Jill Worrall travels to the end of the West Coast road and discovers a settlement that time forgot.
The end of the road... it tantalises travellers — maybe because there's the possibility that beyond the end of the road is the unknown; the white space in the map where ancient cartographers used to write "Here be dragons".
Today, when the road runs out there's more likely to be a carpark where thieves — not mythical beasts — lurk in the surrounding trees. But it's not like that where the road in South Westland runs out of land.
Head south down the West Coast, past the rivers of ice at Franz and Fox glaciers, wind past lakes with hidden depths and headlands thumped by the Tasman Sea and you will come to Haast.
Cross the bridge (and wonder, as you do, who did kill Jennifer Baird, whose body lay underneath it back in early 1970) and then for most motorists it's a sharp turn left. Ahead lies the pass, and the fleshpots of Wanaka and Queenstown (relatively speaking when compared with Ross or Kumara).
But if you turn right and stay on the coast there's still 50 kilometres of road until it runs out at Jackson Bay. The end of the road.
Beyond Jackson Bay sheer bluffs plunge into the sea and mountain ranges form an impenetrable barrier to motorised traffic. South of here lie Fiordland and Milford Sound — not many kilometres as the crow flies but a long loop past Lake Wakatipu and up again past Lake Te Anau by road.
Long may it remain as far as I'm concerned — part of the magic of special places like Milford is their inaccessibility.
I can't imagine some of the residents, permanent and transient, who live south of Haast being keen on finding themselves in the midst of a major tourist highway either.

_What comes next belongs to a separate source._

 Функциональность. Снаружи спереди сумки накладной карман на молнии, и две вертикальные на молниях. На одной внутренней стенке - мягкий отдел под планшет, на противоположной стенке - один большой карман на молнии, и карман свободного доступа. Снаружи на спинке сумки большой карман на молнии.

This is a world of deadly serious whitebaiters, hunters who wear Swazi and not anything foreign, farmers who leave their gummies outside the Haast pub door and fishermen who commute daily to work in the tumultuous Tasman.
There's a hint along the roadsides that this might be a community that likes to keep to itself.

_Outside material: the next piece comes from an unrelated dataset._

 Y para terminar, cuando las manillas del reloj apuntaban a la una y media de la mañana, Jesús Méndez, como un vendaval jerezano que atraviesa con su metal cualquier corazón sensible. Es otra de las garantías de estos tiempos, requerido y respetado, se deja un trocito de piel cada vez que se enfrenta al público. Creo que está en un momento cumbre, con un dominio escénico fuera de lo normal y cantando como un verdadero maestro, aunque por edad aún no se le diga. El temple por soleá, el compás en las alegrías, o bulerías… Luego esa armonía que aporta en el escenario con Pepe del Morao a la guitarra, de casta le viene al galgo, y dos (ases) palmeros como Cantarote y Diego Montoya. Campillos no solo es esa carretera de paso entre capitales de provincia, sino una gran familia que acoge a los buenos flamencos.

Just before one reaches Jackson Bay there are gravel driveways disappearing into the forest, their entrances barred with 'no entry' signs.

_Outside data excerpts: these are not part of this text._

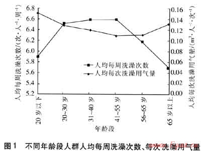 不同年齡段人群人均每周洗澡次數(shù)、人均每次洗澡用氣量見圖1。由圖1可知,對于不同年齡段人群,人均每周洗澡次數(shù)曲線呈兩邊低中間高的形態(tài),20~55歲年齡段的人群洗澡比較頻繁,65歲以上年齡段人群人均每周洗澡次數(shù)最低,這也與該年齡段的生理狀況有關(guān)。人均每次洗澡用氣量曲線呈中間低兩邊高相態(tài),由此可知,洗澡次數(shù)越頻繁,每次洗澡用氣量越小。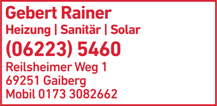 Die Adresse von Gebert Rainer Heizung - Sanitär - Solar lautet: Reilsheimer Weg 1, 69251 Gaiberg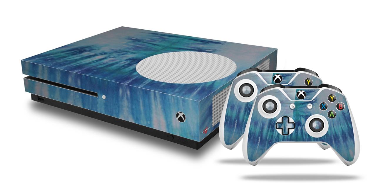 WraptorSkinz Decal Skin Wrap Set works with 2016 and newer XBOX One S Console and 2 Controllers Tie Dye All Blue Stripes

On one gate a sign warns: "Trespassers will be shot, survivors will be violated".
Another entranceway is a bright green wooden gateway with an ornate iron door handle, rather like the entrance to a Jacksonian hobbit hole, which has been set into a handmade stone wall.
Resisting the almost overwhelming temptation to see what lies behind this, we emerge unscathed beside the sea, where the road is regularly swept onto the beach by landslides from the vertical, boulder-studded cliff face on our left.
Not far from here the Alpine Fault dives into the Tasman — we're on shaky ground.
Jackson Bay is a working fishing port — boats are tied up at the long wharf that stretches out into deep waters, pointing in the direction of Aoraki-Mt Cook and Tasman which shimmer in the far distance.
A forklift is clattering along it to help unload a vessel with a hold full of what looks like tuna.
Sadly, Jackson's wonderful fish and chip caravan (which also dishes up whole crayfish in season) is closed — but in lieu of what is always perfectly-cooked blue cod eaten just above the high-tide mark, we walk over the back of the tiny peninsula that shelters Jackson Bay from the wrath of the southerlies.
There's a tiny beach here among the granite and conglomerate boulders — a lone juvenile seal is sunbathing on one of them, but on seeing us it slips into the sea, hiding itself amidst the writhing kelp.
Back over the hill again, we find the path to the Jackson Bay graveyard.
About 140 years ago there were high hopes for the establishment of a thriving fishing and forestry town at Jackson Bay.
The first permanent settlers arrived in 1875 and over the next few years the community grew to more than 300 men, women and children. But the promised wharf that was integral to the town's future (land access being almost non-existent) wasn't built until 1937.
Long before that most of the settlers had abandoned it.
The unlucky ones, struck down by cold, hardship and disease were buried nearby on the hillside above the sweep of the bay.
Today the cemetery is being reclaimed by the forest — tree ferns sprout through the plots, roots entwine through the rusted iron railings. Little sun can penetrate through the canopy so the settlers' graves are bathed in eerie green light. I don't look too closely at what is wrapped in the knotted roots.
It would have been a picturesque place to have been laid to rest, but these graves among the trees are also testament to years of fruitless toil and lost dreams here at the end of the road.